So now I can say that I mostly agree with Stephanie and Juliana's essay. (And I found myself puzzled, for mostly the same reasons they did, by both the claims and the conclusions drawn from them, in Jennifer Ashton's.)
Like Stephanie and Juliana, I'm surprised by the numbers.
I especially identify with their questions/remaining uncertainties, including their assertion that the numbers alone tell only one story, and that even statistical equity would not necessarily indicate that "feminism is irrelevant or outdated or just plain over or boring or pathetic or whiny" or that a 50/50 ratio in the mags/anthologies/prizes "necessarily means that these things are feminist or progressive." And when they said "we had a constant feeling that we had better and more exciting, i.e. non-gender specific, work that we wished we could be doing," I was like I KNOW!
The most important part of their article though (which they also say themselves--how could anybody miss that?) is not the number crunching but the owning up--to our own ambivalences about what feminism is or does or should be or should do, our complicity and "first-world privilege," and our failure(s) to be the change we wish to see in the world.*
And when I say "our" I do definitely mean "my."

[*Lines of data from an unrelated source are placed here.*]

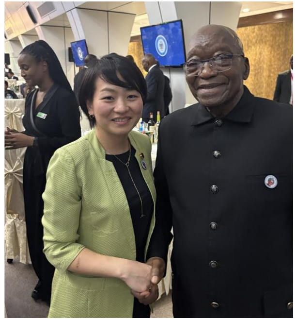
With Mr. Zuma, former President of South Africa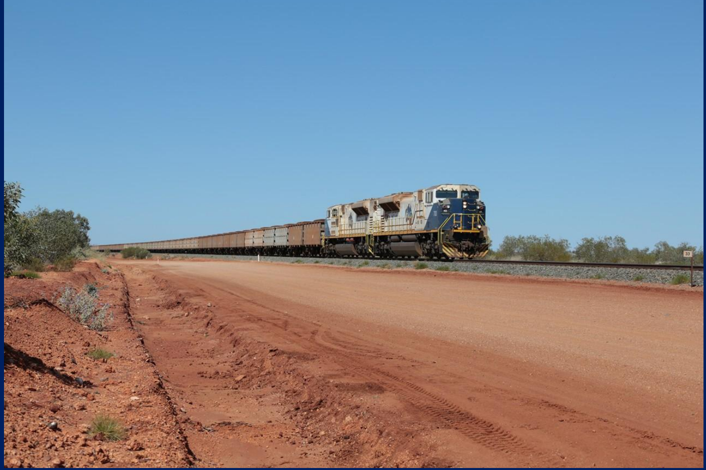
FMG 703 & 706 on loaded ore at 33km on August 19th.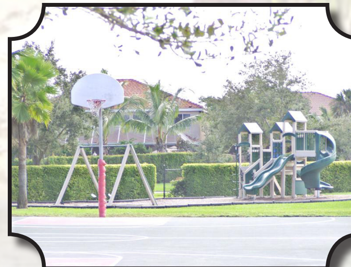
Community Park & Playground

Large, Very Private, Very Tropical Back Yard. Covered Porch, Open Tropical Black Diamond Pool with Rock Waterfall.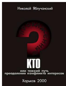
Who is a leper or a difficult way to overcome a conflict of interest?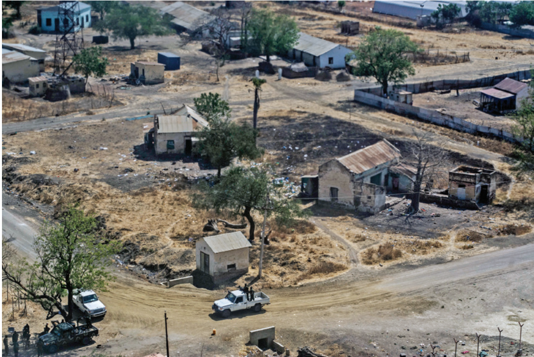
A view of the deserted streets in Malakal, Upper Nile state in January 2014 after residents fled violence between government and opposition forces.

Ajak fled to the Malakal UNMISS base on 25 December 2013, during the first attack on Malakal by opposition forces.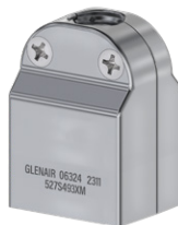
Clampshell, Single Extended Length Module EN4165, BACC65BU/CA 527-493 Page E-13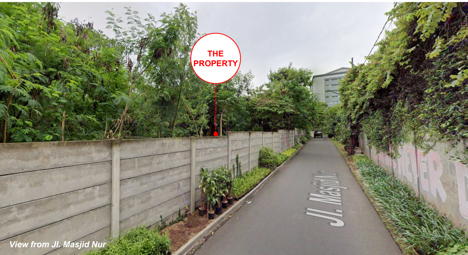
View from Jl. Masjid Nur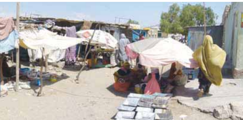
A Burao market scene.

Somaliland and Puntland have meanwhile seen significant economic growth and social development. The northern ports are crowded with outgoing livestock and imported consumer goods from Dubai. Enrolments in primary and secondary schools are growing steadily, and both Somaliland and Puntland have established several small universities. Taking advantage of the prevailing peace, 700,000 refugees have returned from exile to Somaliland, while 400,000 came back to Puntland.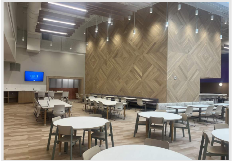
Bottom Right: a photo highlighting the amazing wood paneling feature wall in the Commons completed by the Findorff carpentry team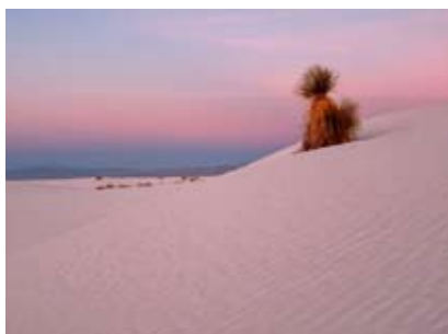
Solitude at Sunset - 27 Jane Kelley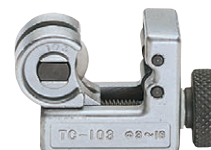
Item no. TA560H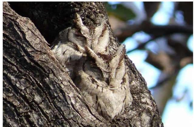
Indian Scops Owls

The essay ends with a call for suggestions about how poets and/or communities of poets can do more to engage the living/working conditions of women in a national/international arena.

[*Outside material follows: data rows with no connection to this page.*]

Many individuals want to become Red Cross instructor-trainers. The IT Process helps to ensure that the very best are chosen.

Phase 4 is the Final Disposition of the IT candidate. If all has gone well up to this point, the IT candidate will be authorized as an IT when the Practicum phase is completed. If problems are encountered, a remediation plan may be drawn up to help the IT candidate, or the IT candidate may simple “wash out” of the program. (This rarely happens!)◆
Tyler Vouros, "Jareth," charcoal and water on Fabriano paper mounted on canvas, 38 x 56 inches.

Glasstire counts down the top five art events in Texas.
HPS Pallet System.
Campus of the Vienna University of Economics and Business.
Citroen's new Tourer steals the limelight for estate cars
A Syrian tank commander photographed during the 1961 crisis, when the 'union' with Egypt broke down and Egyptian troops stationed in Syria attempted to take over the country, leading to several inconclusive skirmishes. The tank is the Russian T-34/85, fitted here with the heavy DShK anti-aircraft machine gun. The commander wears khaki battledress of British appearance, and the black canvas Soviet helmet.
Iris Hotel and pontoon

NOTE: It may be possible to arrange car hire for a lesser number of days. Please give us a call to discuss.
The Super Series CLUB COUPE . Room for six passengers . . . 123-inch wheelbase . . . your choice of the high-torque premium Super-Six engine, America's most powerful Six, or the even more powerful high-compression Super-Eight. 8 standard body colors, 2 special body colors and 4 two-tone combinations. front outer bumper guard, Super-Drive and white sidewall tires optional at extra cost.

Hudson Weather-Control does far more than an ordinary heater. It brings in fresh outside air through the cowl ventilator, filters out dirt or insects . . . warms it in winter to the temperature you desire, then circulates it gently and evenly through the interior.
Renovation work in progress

That's a good fucking question (which a handful of people attempt to answer in the last section of the piece, including Kasey, Anne, Rachel Blau DuPlessis, Eileen Myles, &tc.)
I'm gonna keep thinking about that.
To order a copy of this issue of the Chicago Review (
* Uh, to quote Gandhi as quoted by the issue of Yoga Journal I flipped through on the ellipitical this morning.
UPDATE! The Chicago Review has made the essays available on their website (linked above). Rocking. (Be sure to read the notes too, particularly the methodology section, which addresses already some of the issues raised in a few responses elsewhere.)